第1-3-5図1は、厚生労働省「賃金構造基本統計調査」により、製造業とサービス業の「きまって支給する現金給与額」(賃金)の全産業計に対する比率をみたものである(26)。まず、全産業計で最も就業者数の多い25~29歳の層の賃金比率をみると、製造業は99.5とわずかに全産業計を下回っているのに対し、サービス業は99.96と全産業計とほぼ同じ水準になっている。また、40~44歳の層をみると、製造業は96.1であるのに対し、サービス業では100を上回っている。同図右にある医療業の賃金比率をみると明らかなように、医療業によってサービス業が高くなっている。

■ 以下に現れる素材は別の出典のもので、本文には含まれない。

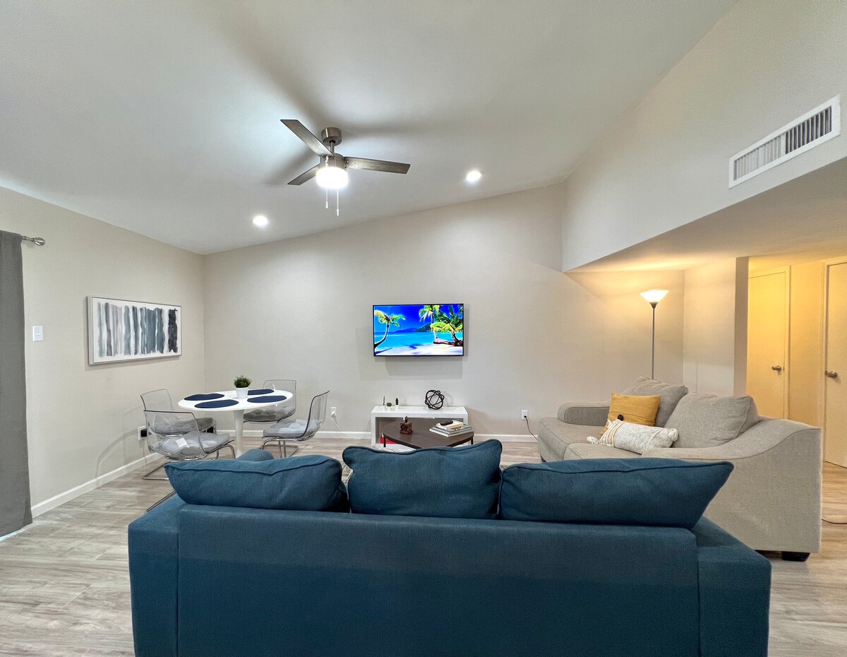Selamat datang ke The Suite Spot – percutian mewah 2BR/2BA anda di Vitruvian West terkemuka Addison! Ceria, moden, dan direka untuk keselesaan, apartmen mewah ini menampilkan Wi-Fi pantas, TV pintar, dobi dalam unit, dan kemudahan gaya resort dengan 1 ruang letak kereta berbayar percuma. Sama ada anda berada di sini untuk perniagaan atau percutian hujung minggu, anda akan berada beberapa langkah dari taman, tempat makan berpenarafan tinggi, dan hanya beberapa minit dari tempat popular Dallas.

また、パート従業員の賃金については厚生労働省「毎月勤労統計調査」により、全従業員平均の賃金比率をみる(第1-3-5図2)。これによると、サービス業は製造業を下回っているものの、サービス業の賃金は全産業平均を継続して上回り、2001年における比率は1.06となっている。

サービス業の賃金水準は、正社員ベースでは製造業よりも高く、全産業計とほぼ同じ水準であり、パート従業員ベースでみると製造業よりは低くなるものの、全産業計を上回っていることがわかった。このように、サービス雇用の賃金が相対的に低いという事実は確認されず、サービス雇用の拡大は生活水準の向上に寄与すると考えられる。

  • 24)サービス部門における雇用拡大を戦略とする経済の活性化に関する専門調査会が、2001年5月に行った「緊急報告」における「サービス産業雇用創出の例示」。
  • 25)この「関東」区分は、静岡県、新潟県を含む1都10県の合計。
  • 26)この「サービス業」は日本標準産業大分類の「サービス業」であり、金融、保険、不動産などは含まれていない。